Время потекло медленнее, в душе стало расти волнение. Как язык повернётся рассказать все тайные пакости? К тому же батюшка уж слишком молод и хорош собой…
Глаза Ольги Михайловны то и дело наполнялись слезами. И тогда перед взором плыли длинные сверкающие нити. Всё сливалось в переливающиеся пятна: золото иконостаса, парчовые одежды священнослужителей, пульсирующие живые сердечки свечей.
Кто-то из церковных бабушек приоткрыл боковую дверь для того, чтобы немного проветрить помещение. На улице кипел рабочий день. За фигурными прутьями церковной ограды виднелось крыльцо юридического колледжа. Молодые люди и девушки высыпали во время перерыва подышать свежим весенним воздухом, точнее — отравиться сигаретным дымом.

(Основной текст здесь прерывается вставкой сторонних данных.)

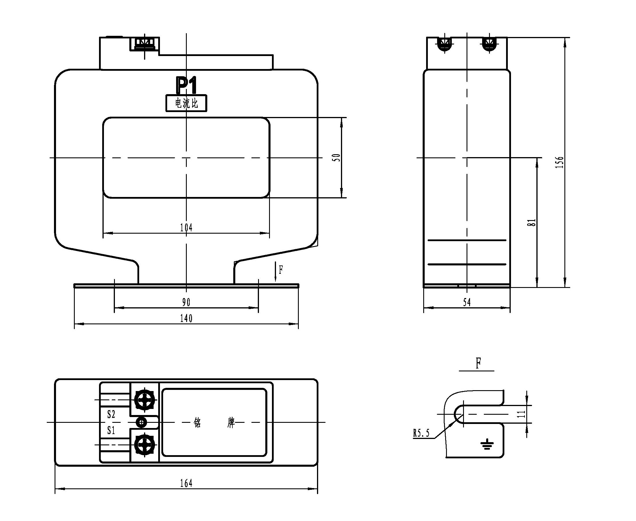 ●結(jié)構(gòu):電流互感器的鐵心為環(huán)形和矩形兩種。二次繞組沿鐵芯周均分布,采用環(huán)氧樹脂澆注為電流互感器外殼,電流互感器的設(shè)計(jì)為窗孔,供一次母排或電纜穿過。P1標(biāo)記為一次進(jìn)線端;P2標(biāo)記為一次出線端;二次電流由S1流出端;S2為流入端,即為減極性。

Ольгу Михайловну поразил контраст между тёплым уютным мерцающим интерьером храма и холодным серым прямоугольником видимой улицы. Женщина почувствовала себя под защитой непобедимой заботливой материнской силы, которой лишены маленькие человечки там, на заплёванном, полуобрушенном крыльце.
Студенты жадно курили, гоготали и задирались, как пятиклашки из класса выравнивания… Особенно неприятно было смотреть на девушек в постыдно-коротких юбках (как бабушка говорила: «Ажно до самой матушки!»). Привычная студенческая распущенность вскрикивала на разные голоса:
— Дай сигаретку, не жопься!
— Щас чё у нас?
— Барыгу закрыли наглухо, слышь…
«Надо же! Обезьяний питомник похлеще нашего среднего звена!» — удивилась про себя Ольга Михайловна и вздохнула спокойно, когда двери в реальный мир заботливо прикрыли.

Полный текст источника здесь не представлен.